Of the remainder, a large chunk deal with fisheries quotas and regulation and agricultural exports. Some concern shipping and training of seafarers, plus a sprinkling of data protection provisions. (Of note, 500 instruments are separately being revoked through financial services and procurement bills).
It is, however, more than a numbers game and the substance of the 600 instruments on the list matters. Whilst the list has been made available, there is no accompanying rationale for how it has been drawn up and what (if anything) the impact of the removal of the 600 is likely to be.
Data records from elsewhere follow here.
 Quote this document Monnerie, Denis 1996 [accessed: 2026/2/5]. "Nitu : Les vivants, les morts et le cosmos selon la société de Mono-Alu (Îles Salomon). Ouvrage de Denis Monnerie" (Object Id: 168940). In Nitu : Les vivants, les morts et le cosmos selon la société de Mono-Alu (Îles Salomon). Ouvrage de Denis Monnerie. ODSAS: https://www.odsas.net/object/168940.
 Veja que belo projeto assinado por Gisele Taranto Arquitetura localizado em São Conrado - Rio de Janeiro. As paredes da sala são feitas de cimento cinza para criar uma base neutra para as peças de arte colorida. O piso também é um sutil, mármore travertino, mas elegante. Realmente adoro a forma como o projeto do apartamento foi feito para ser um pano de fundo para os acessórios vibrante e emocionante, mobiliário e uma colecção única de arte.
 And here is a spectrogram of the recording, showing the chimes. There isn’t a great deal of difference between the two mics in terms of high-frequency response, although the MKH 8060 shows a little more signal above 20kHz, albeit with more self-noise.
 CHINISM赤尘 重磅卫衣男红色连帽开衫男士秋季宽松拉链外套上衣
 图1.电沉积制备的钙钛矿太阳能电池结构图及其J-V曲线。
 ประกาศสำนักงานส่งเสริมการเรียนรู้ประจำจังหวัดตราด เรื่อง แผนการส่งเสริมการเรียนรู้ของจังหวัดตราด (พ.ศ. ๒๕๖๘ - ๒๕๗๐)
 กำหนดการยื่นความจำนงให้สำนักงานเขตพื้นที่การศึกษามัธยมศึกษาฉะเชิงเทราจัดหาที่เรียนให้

Neither does it seem to be suggested that the House of Lords should now stop to examine each item in detail, although that is perhaps a possibility.
And the rest?
What is more, the Government is proposing that with regard to the remaining retained EU law instruments, it will have power to issue further decisions on which of them should be removed after the Bill passes, without the need for any Parliamentary scrutiny. By my reckoning, there are at least another 1600 environmental / climate changes pieces of retained EU legislation left to address in this way.
Make no mistake, this is highly unorthodox under the UK legislative system where Parliament as a whole (and not the Government of the day) has the constitutional right to adopt or revoke legislation.
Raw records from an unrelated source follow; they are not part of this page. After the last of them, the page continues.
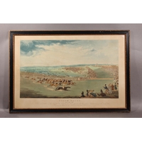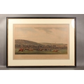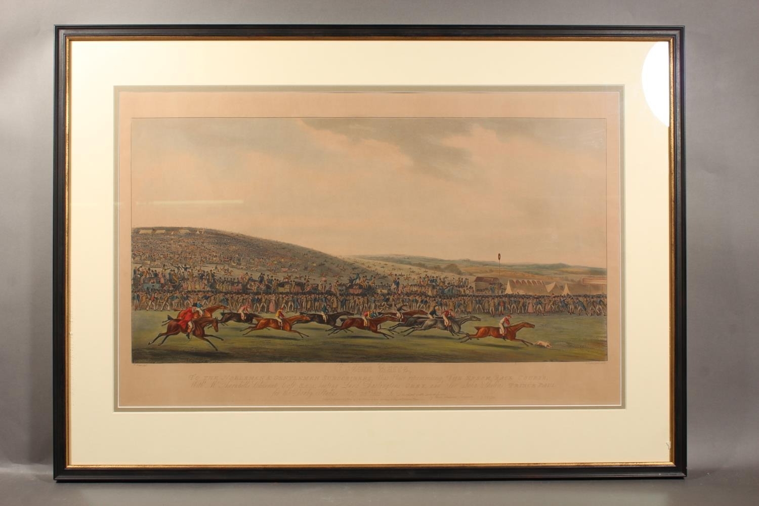 THOMAS SUTHERLAND after HENRY THOMAS ALKEN (British 1785-1851), Epsom Races with Mr Thornhill's Chestnut Colt Sam beating Lord Darlington's Grey and Sit John Shelly's Prince Paul for the Derby Stakes May 28th 1818, horse racing themed coloured print, published by Fuller 1819, image 31cm x 61cm, modern Hogarth style frame 58cm x 81cm.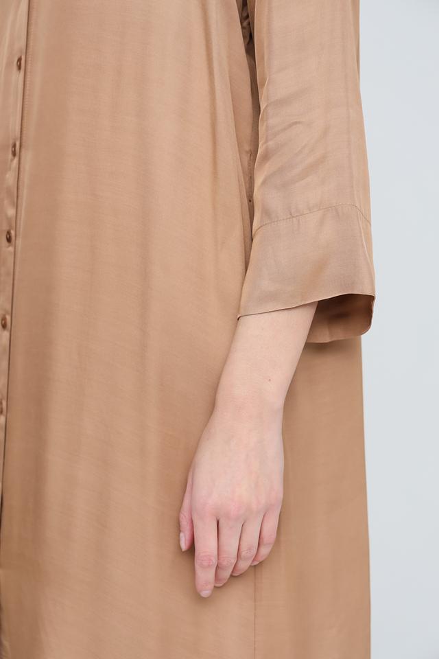Это платье от Penny Black выполнено в бежевом цвете и имеет свободный крой, напоминающий рубашку. Модель отличается длиной миди и застежкой на пуговицы по всей длине, что позволяет регулировать степень открытости и создавать различные силуэты.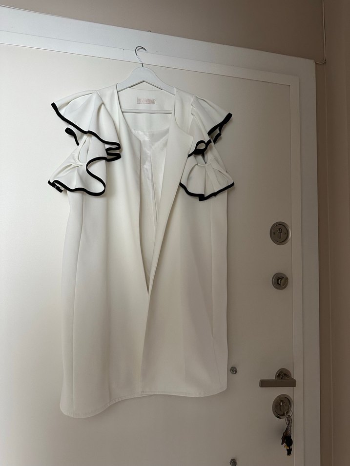 Siyah kenarlı fırfırlara sahip beyaz, straplez ve kolsuz yelek Sentetik kumaştan, kısa ve bol kesim, şık tarz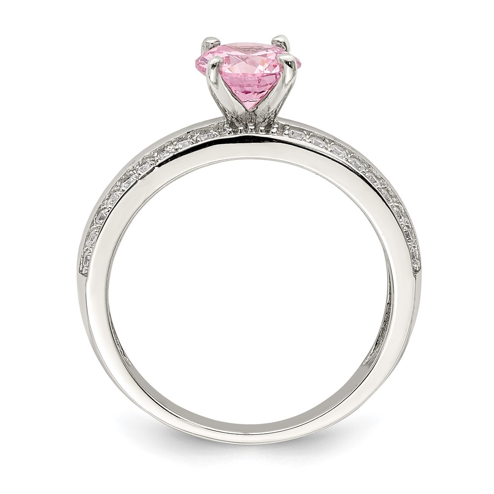 Sterling Silver Rhodium-plated Pink and Clear CZ Ring

Now, it might well be that a proper assessment by Government lawyers has been done with regard to the selection of the 600 instruments to be axed first:
- Measures relating to allowances under the EU Emissions Trading Scheme are for instance likely to be superfluous now that we are no longer a member of it.
- Decisions approving an EU negotiating position for international negotiations will be redundant.
But detailed justification should be published by the Government before the bill is adopted so that the rationale can be scrutinised by lawmakers, business and the public at large. This should:
- remove the leap of faith required by Members of Parliament
- justify the claim in the Ministerial Statement that revoking these 600 items helps provide legal certainty - quite the reverse at present, I would argue!
- demonstrate the UK's compliance with the 'level playing field' requirements of the EU Withdrawal Agreement and Northern Ireland Protocol, whereby it was agreed that the UK would not backslide on the level of environmental protection existing as at our exit.
So whilst it is to be welcomed that the Government has pulled back from the brink of an indiscriminate bonfire of legislation come year end, the onus ought now to be on Ministers to at least show how they are abiding by the concept of 'do no harm'.